AMPK and AKT protein kinases hierarchically phosphorylate the N-terminus of the FOXO1 transcription factor, modulating interactions with 14-3-3 proteins

Forkhead box protein O1 (FOXO1) is a transcription factor involved in various cellular processes such as glucose metabolism, development, stress resistance, and tumor suppression. FOXO1's transcriptional activity is controlled by different environmental cues through a myriad of posttranslational modifications. In response to growth factors, the serine/threonine kinase AKT phosphorylates Thr²⁴ and Ser²⁵⁶ in FOXO1 to stimulate binding of 14-3-3 proteins, causingFOXO1inactivation. In contrast, low nutrient and energy levels induce FOXO1 activity. AMP-activated protein kinase (AMPK), a master regulator of cellular energy homeostasis, partly mediates this effect through phosphorylation of Ser³⁸³ and Thr⁶⁴⁹ in FOXO1. In this study, we identified Ser²² as an additional AMPK phosphorylation site in FOXO1's N terminus, with Ser²² phosphorylation preventing binding of 14-3-3 proteins.
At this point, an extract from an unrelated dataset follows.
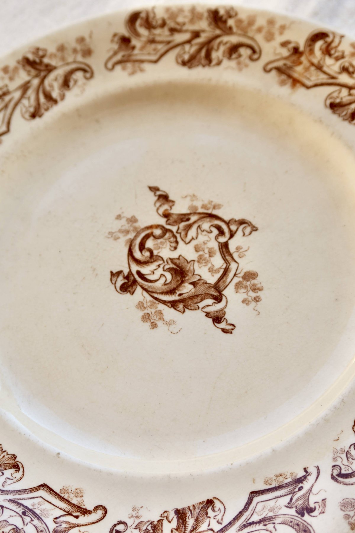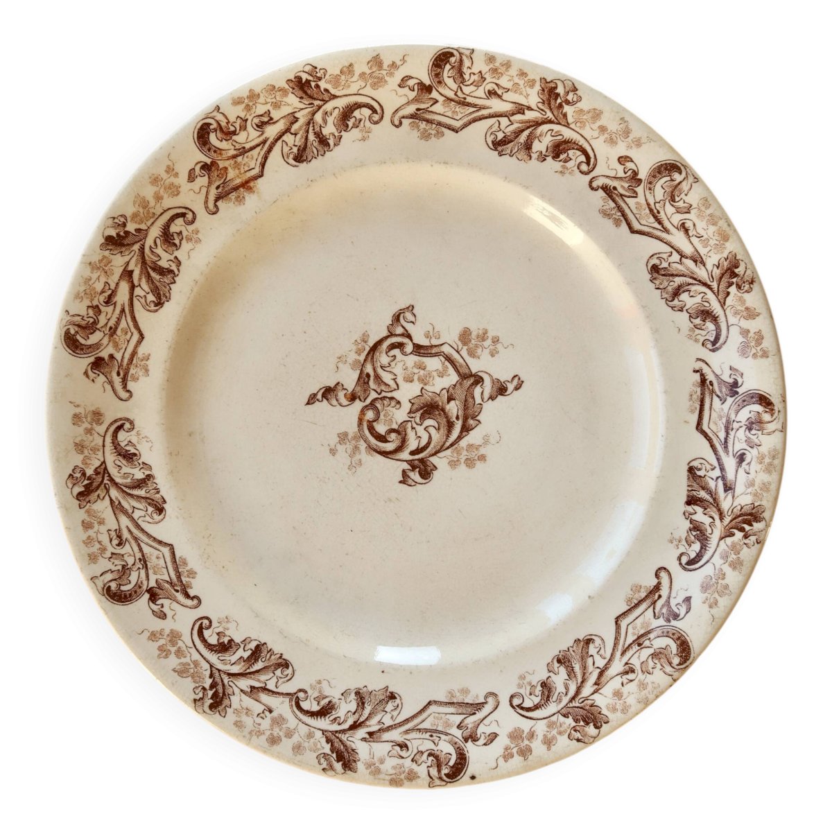 Assiette à dessert ancienne en terre de fer de la faïencerie de Longwy, décorée du modèle Russe aux élégants motifs végétaux bruns disposés sur le marli et en son centre.
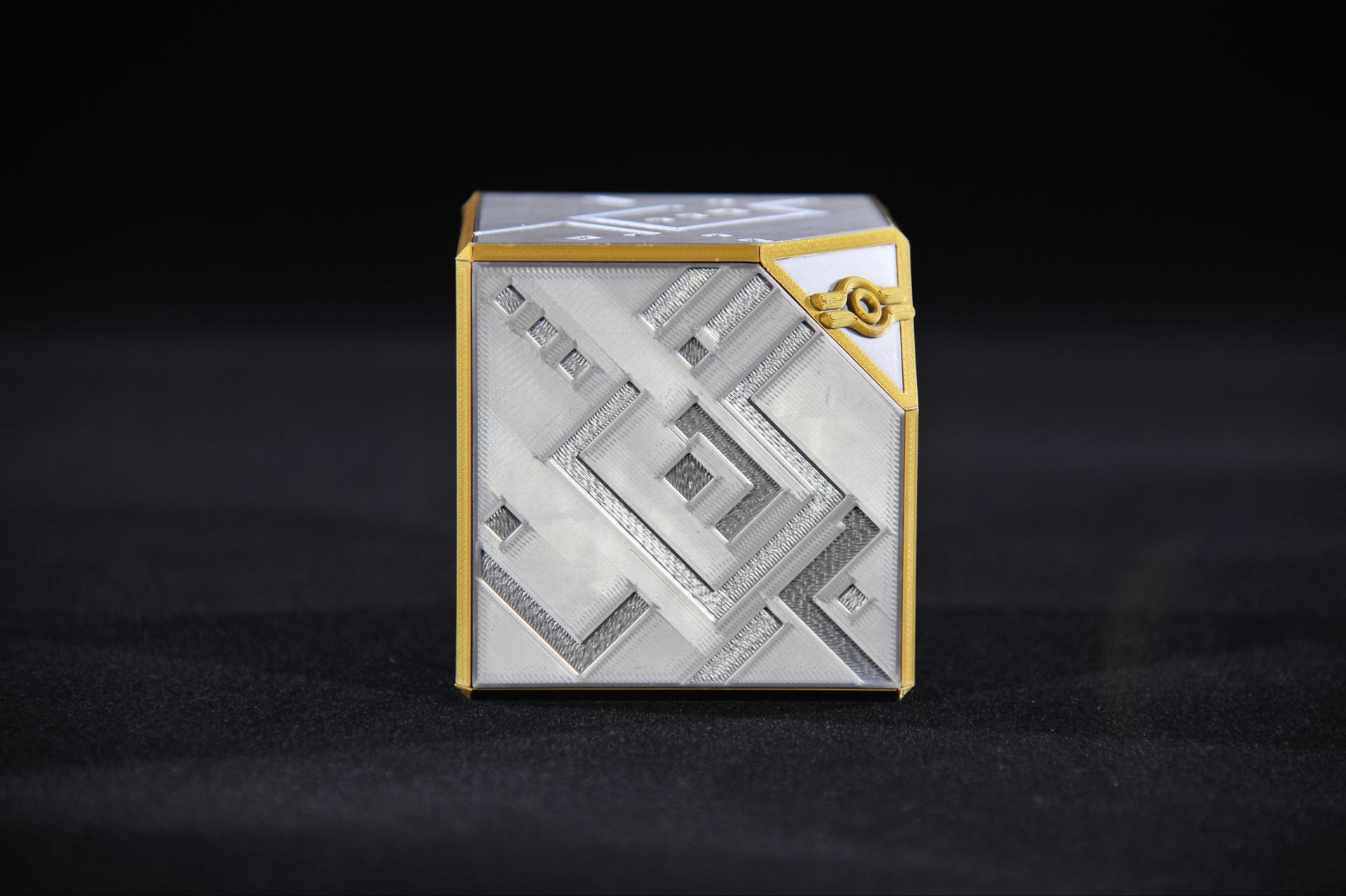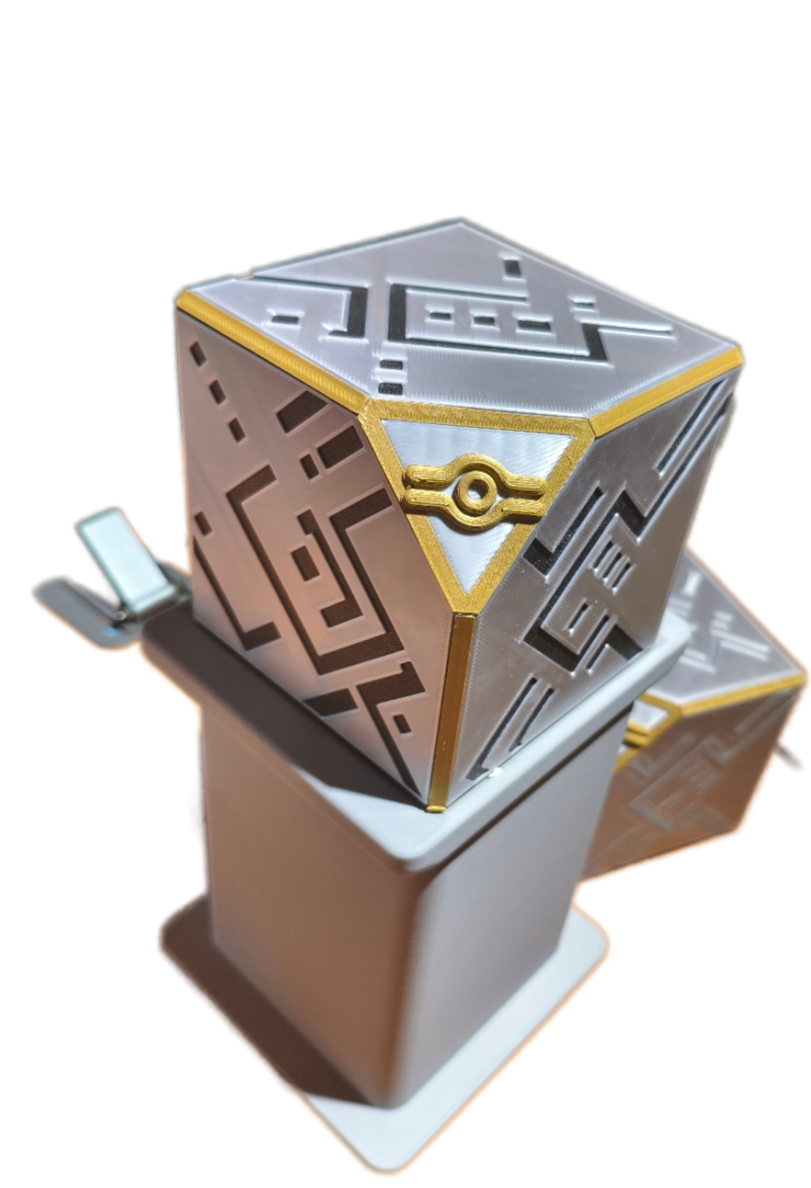 FDM 打印机制作;银色 PLA + 黑色/金色 PETG 组合打印。

The crystal structure of a FOXO1 peptide in complex with 14-3-3 σ at 2.3 Å resolution revealed that this is a consequence of both steric hindrance and electrostatic repulsion. Furthermore, we found that AMPK-mediated Ser²² phosphorylation impairs Thr²⁴ phosphorylation by AKT in a hierarchical manner. Thus, numerous mechanisms maintain FOXO1 activity via AMPK signaling. AMPK-mediated Ser²² phosphorylation directly and indirectly averts binding of 14-3-3 proteins, whereas phosphorylation of Ser³⁸³ and Thr⁶⁴⁹ complementarily stimulates FOXO1 activity. Our results shed light on a mechanism that integrates inputs from both AMPK and AKT signaling pathways in a small motif to fine-tune FOXO1 transcriptional activity.